The shrew would be the reservoir of the virus

The first information about the virus was published in the New England Journal of Medicine (NEJM) a few days ago. What we know at the moment is that the virus would probably be a zoonosis, that is, a virus transmitted from animals to humans. Early tests in wild animals indicate that the shrew could be the host animal. But the virus has also been detected in goats (2%) and dogs (5%).

Infectologists have long warned that human pressure on natural environments, such as deforestation or intensification of agriculture, increases the risk of virus transmission from animals to humans. Today, 75% of emerging infectious diseases in humans are zoonoses, according to the World Health Organization (WHO).

In addition, although the origin of Covid-19 has not been established with certainty, the zoonosis trail is favored because SARS-CoV-2 is very close to a virus detected in bats.

It is not comparable to the coronavirus

Disease transmitted by an animal and discovered in China, the comparison with the coronavirus is quickly established but these two viruses are not comparable. Unlike Covid, the langya “does not spread rapidly in humans”, explains Professor François Balloux of the UCL Genetics institute on Twitter. “If there is no person-to-person transmission, it is hard to imagine a true epidemic because not everyone is exposed to shrews.”he continues.

Virologist Yannick Simonin reminds him, in the parisian that every year viruses arise without necessarily causing pandemics: “This has been circulating at low noise for several years and we are not in an emergency situation as happened with SARS-CoV-2. There are no particular concerns at this stage, but the need for further study.”.

There is no pandemic on the horizon, but the authors of the report of the New England Journal of Medicine (NEJM) consider it important to carry out new studies to “ better understand human disease” at the origin of the dozens of identified cases.

A deadly virus that spreads little between humans

In humans, the Langya It causes symptoms such as fever, fatigue, cough, loss of appetite, and muscle aches.
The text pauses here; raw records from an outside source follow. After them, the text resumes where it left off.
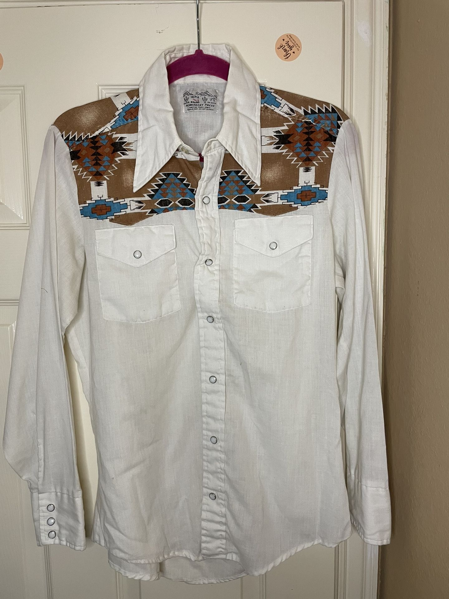 TRIPLE LLL BRAND western shirt Pearl Snaps TRIPLE LLL BRAND western shirt Pearl Snaps This is not white, it's more ivory, kind of a creamy color. Not yellow, but not as "white" as some of these pictures appear. Gauzy crinkle cotton/poly, with an southwestern look on upper chest. Snap front. Fits approximately, maybe small M, please compare the measurements below with a shirt you have at home that fits well. Overall great condition ... I see no major issues and is completely vintage and unique From "Triple LLL Brand" from the 1970's, comes to me from the original owner! Measurements laid flat Pit to cuff : 19" Pit to pit : 21" Length: 31"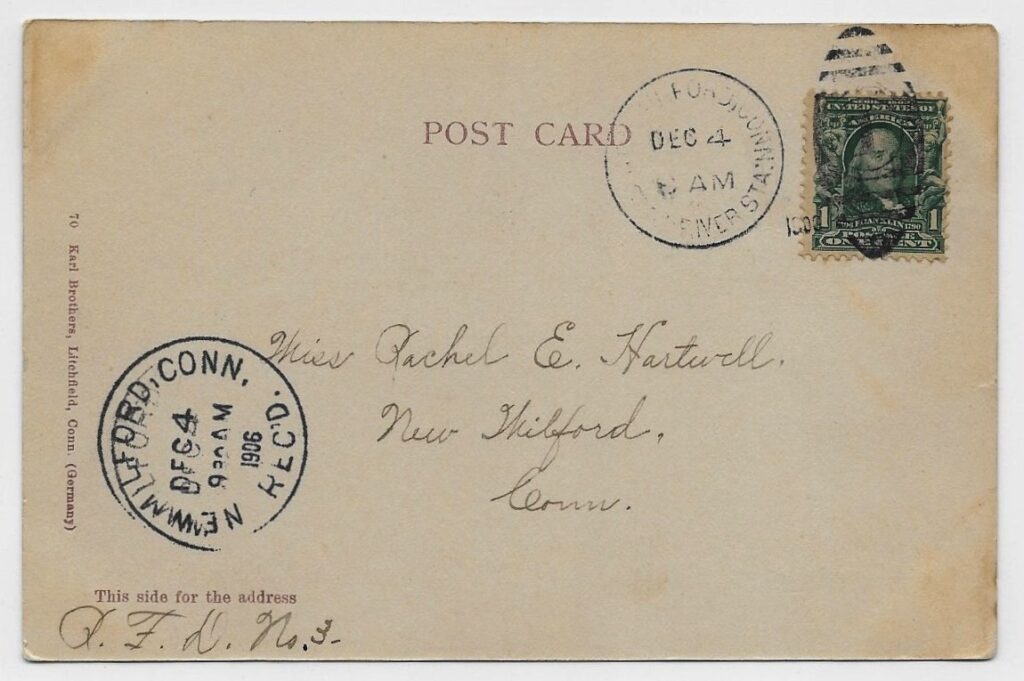 The postcard was published by Karl Brothers of Litchfield, CT; it was printed in Germany.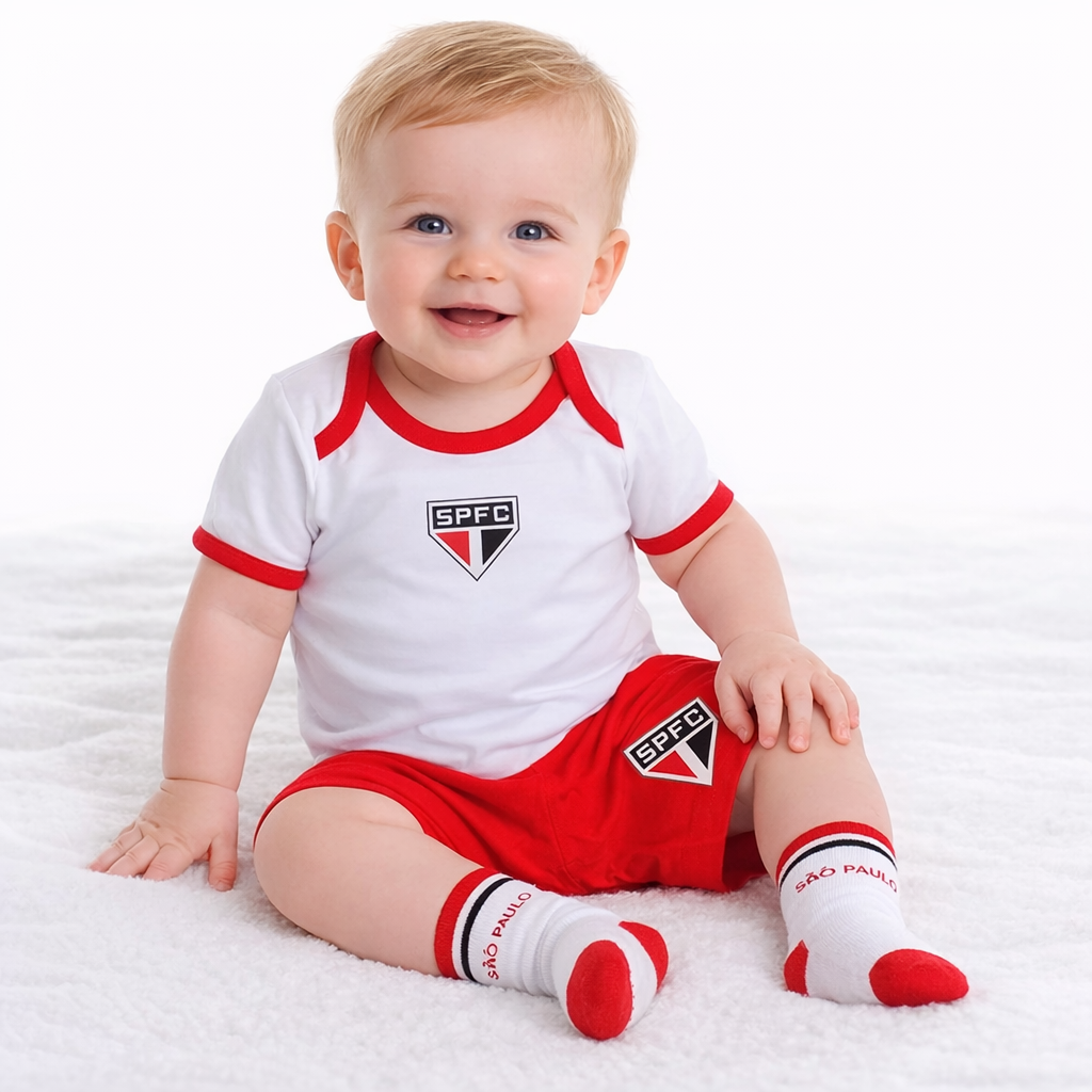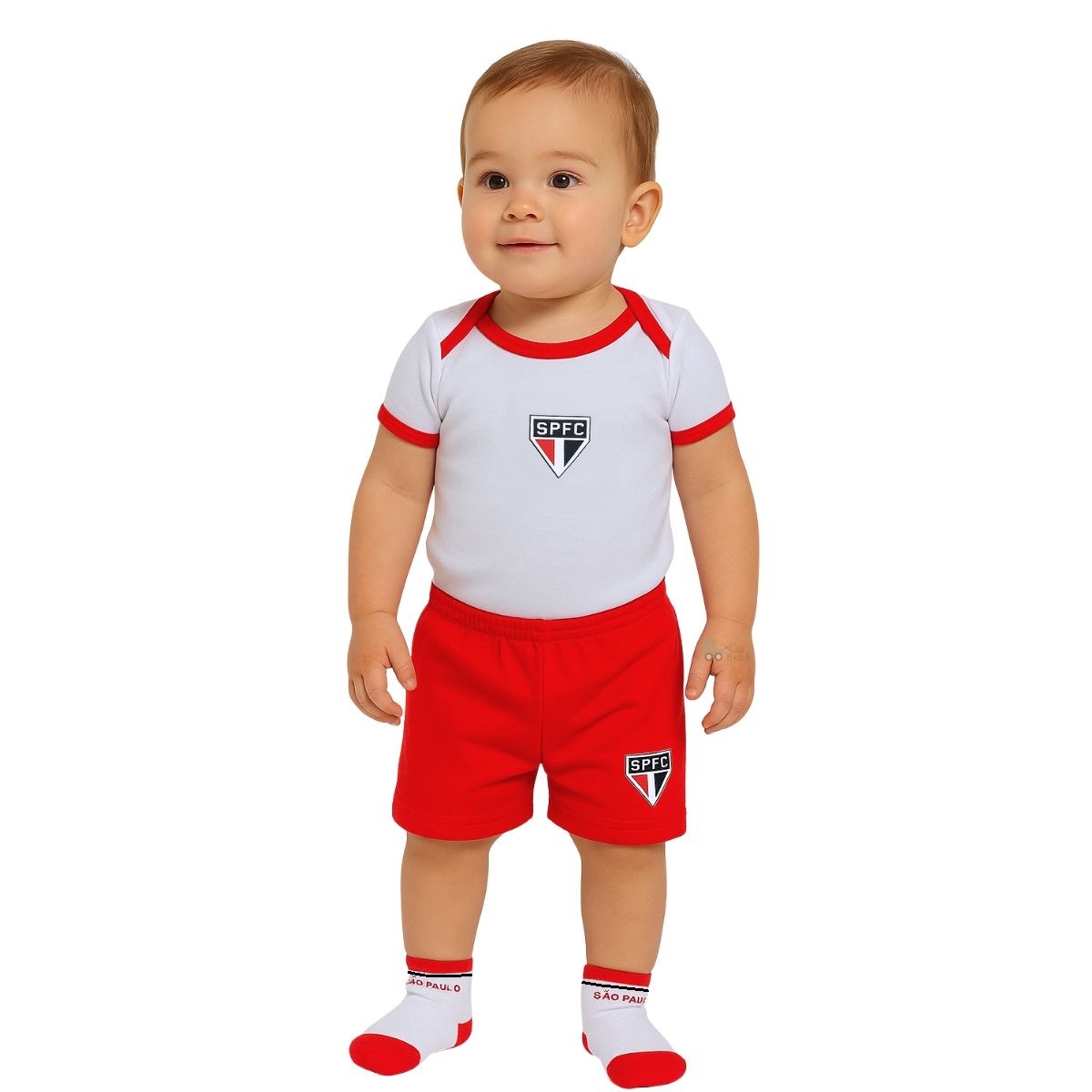 Kit Conjunto Bebê São Paulo Com Body Shorts e Meia Oficial

It belongs to the henipavirus family, which includes Nipah and Hendra viruses, which are very deadly. Nipah, which caused epidemics in Southeast Asia in the early 2000s, has an estimated mortality rate of 40 to 75 percent, according to the WHO. Which is much higher than that of Covid-19. For example, in France, the Covid mortality rate was 0.5% on April 26, 2022 according to the agency. statistics. At the moment, there is no vaccine to counteract the effects of Langya.

Even if with such a high mortality rate, the virus may be of concern (however, no deaths due to Langya have been made public), the situation is not yet alarming. Again, the disease is progressing slowly, with only 35 cases recorded between April 2018 and August 2021. Taiwan’s Center for Disease Control (CDC) announced on Sunday that surveillance measures for the virus will be implemented in the coming weeks. .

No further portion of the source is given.